Meski dalam pelajaran bahasa Indonesia sastra lama
tetap harus diajarkan, namun menurut Widodo, para siswa tentu lebih suka dengan
novel yang menceritakan tentang dunia mereka. Pelajaran moral dan nilai-nilai
lebih mudah masuk lewat novel modern yang isinya sesuai dunia remaja.

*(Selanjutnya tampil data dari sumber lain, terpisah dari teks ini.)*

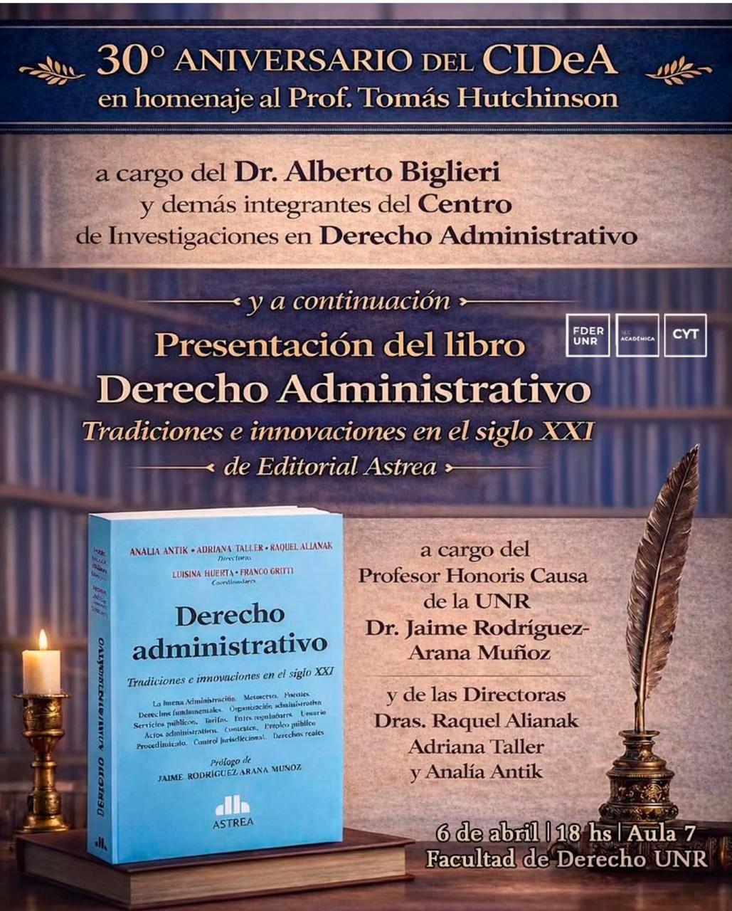 En el marco del 30 Aniversario del CIDeA, y en Homenaje al Profesor Tomás Hutchinson estaré en abril en la Facultad de Derecho Universidad Nacional de Rosario.

“Intinya belajar sastra itu kan memahami
orang lain. Tidak boleh memaksakan kehendak sendiri. Pasti lebih enak membaca
karya sastra baru yang sesuai dengan dunia anak-anak,”
kata dia.
Sebaliknya, menurut Widodo, para orang tua juga bisa
memahami putra-putri mereka melalui novel atau cerita pendek remaja. Mereka
akan tahu bagaimana dunia remaja saat ini yang sungguh berbeda dibanding generasi
lama.
“Dalam novel Meme Dibaca Mim itu, misalnya, saya akhirnya bisa menerima bahwa
jam belajar zaman saya dulu kadang tak bisa diterapkan pada anak sekarang.

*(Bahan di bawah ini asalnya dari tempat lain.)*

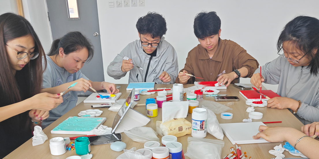 小讲师们以艺术创作为载体,通过油画棒情感表达、肌理画材质探索、耳挂DIY及手串编织等活动,引导同学们释放压力、激发创造力。参与的同学们在色彩挥洒中具象化情感,在手工制作中培养专注力与耐心,收获了身心放松与成就感。

Dengan banyaknya kegiatan, siswa sekarang akan memanfaatkan waktu luang untuk
belajar. Tak perlu diberi jadwal dan jam-jam tertentu karena mereka bisa memanajemen waktu dan tahu manfaat belajar. Belajar kata anak-anak
zaman sekarang bukan seperti orang menonton film di bioskop yang ada jamnya,”
jelas dia sambil tertawa.
Seorang siswa Kelas XI IPA 5 SMAN 4 Solo, Alma
Fitria Milania, mengatakan membaca dengan aplikasi Wattpad praktis dan tidak merepotkan.
“Hanya dengan bawa ponsel kita bisa baca
di mana-mana. Enggak ribet seperti kalau bawa buku. Saya baca buku apa saja
lewat Wattpad, yang bahasa Indonesia maupun yang bahasa Inggris. Kalau kata
orang-orang membaca lewat ponsel bikin mata capek, bagi saya tidak. Kalau
ceritanya menarik, sudah lupa apa-apanya,”
jelas anggota ekstrakurikuler majalah dinding (mading) yang karyanya berupa
mading tiga dimensi menjadi juara II tingkat Provinsi Jateng belum lama ini.